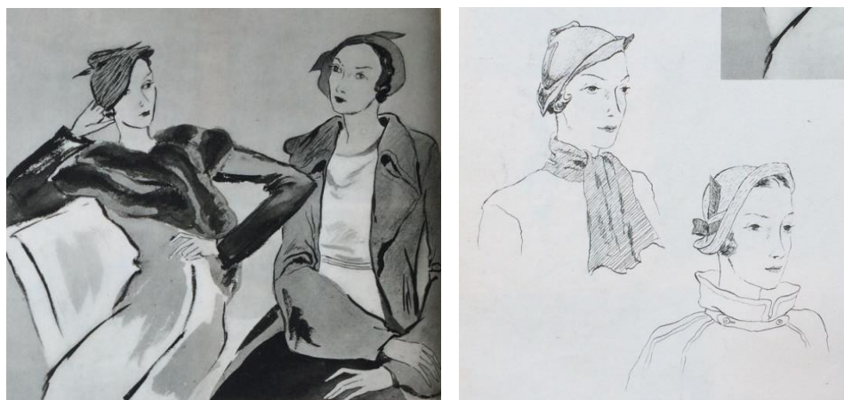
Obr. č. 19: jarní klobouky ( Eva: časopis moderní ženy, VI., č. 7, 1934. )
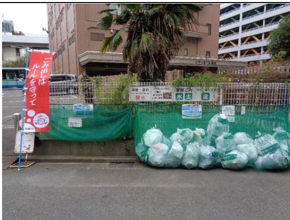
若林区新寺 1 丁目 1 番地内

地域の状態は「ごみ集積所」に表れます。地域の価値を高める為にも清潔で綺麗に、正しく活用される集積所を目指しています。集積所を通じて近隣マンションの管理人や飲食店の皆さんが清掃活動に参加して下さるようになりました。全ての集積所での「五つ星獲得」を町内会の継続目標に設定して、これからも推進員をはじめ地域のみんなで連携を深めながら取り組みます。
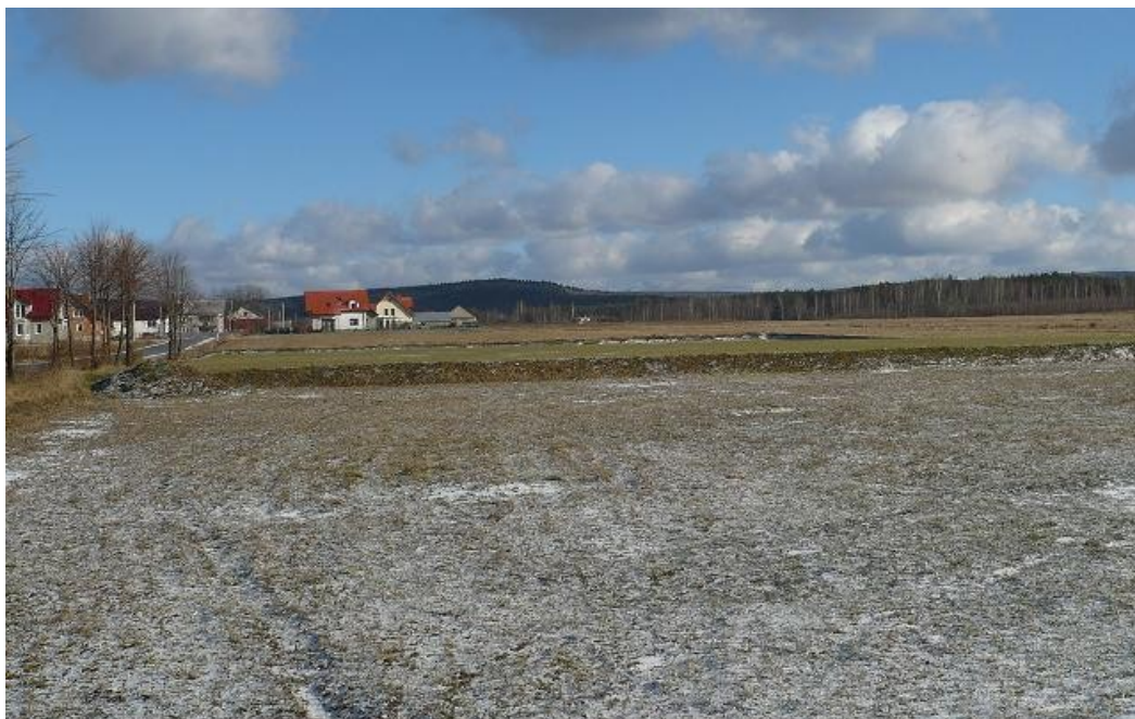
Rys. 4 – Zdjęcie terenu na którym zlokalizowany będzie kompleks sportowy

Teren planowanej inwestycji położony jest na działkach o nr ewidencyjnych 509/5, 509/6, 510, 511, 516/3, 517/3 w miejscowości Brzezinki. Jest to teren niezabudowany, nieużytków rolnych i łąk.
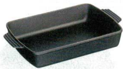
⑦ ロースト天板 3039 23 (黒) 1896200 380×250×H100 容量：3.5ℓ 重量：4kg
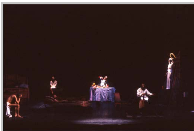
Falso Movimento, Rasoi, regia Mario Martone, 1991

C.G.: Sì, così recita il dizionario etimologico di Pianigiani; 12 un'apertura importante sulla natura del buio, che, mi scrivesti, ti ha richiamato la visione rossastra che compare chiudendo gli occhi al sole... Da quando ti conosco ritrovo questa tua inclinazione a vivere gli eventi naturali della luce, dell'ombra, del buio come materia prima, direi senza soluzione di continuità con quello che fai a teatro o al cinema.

────────────────

§ **EXERCISE**:
Everything in the data above, apart from the pictures, should be retyped exactly.

§ **TASK SOLUTION**:
Obr. č. 19: jarní klobouky ( Eva: časopis moderní ženy, VI., č. 7, 1934. )
若林区新寺 1 丁目 1 番地内

地域の状態は「ごみ集積所」に表れます。地域の価値を高める為にも清潔で綺麗に、正しく活用される集積所を目指しています。集積所を通じて近隣マンションの管理人や飲食店の皆さんが清掃活動に参加して下さるようになりました。全ての集積所での「五つ星獲得」を町内会の継続目標に設定して、これからも推進員をはじめ地域のみんなで連携を深めながら取り組みます。
Rys. 4 – Zdjęcie terenu na którym zlokalizowany będzie kompleks sportowy

Teren planowanej inwestycji położony jest na działkach o nr ewidencyjnych 509/5, 509/6, 510, 511, 516/3, 517/3 w miejscowości Brzezinki. Jest to teren niezabudowany, nieużytków rolnych i łąk.
⑦ ロースト天板 3039 23 (黒) 1896200 380×250×H100 容量：3.5ℓ 重量：4kg
Falso Movimento, Rasoi, regia Mario Martone, 1991

C.G.: Sì, così recita il dizionario etimologico di Pianigiani; 12 un'apertura importante sulla natura del buio, che, mi scrivesti, ti ha richiamato la visione rossastra che compare chiudendo gli occhi al sole... Da quando ti conosco ritrovo questa tua inclinazione a vivere gli eventi naturali della luce, dell'ombra, del buio come materia prima, direi senza soluzione di continuità con quello che fai a teatro o al cinema.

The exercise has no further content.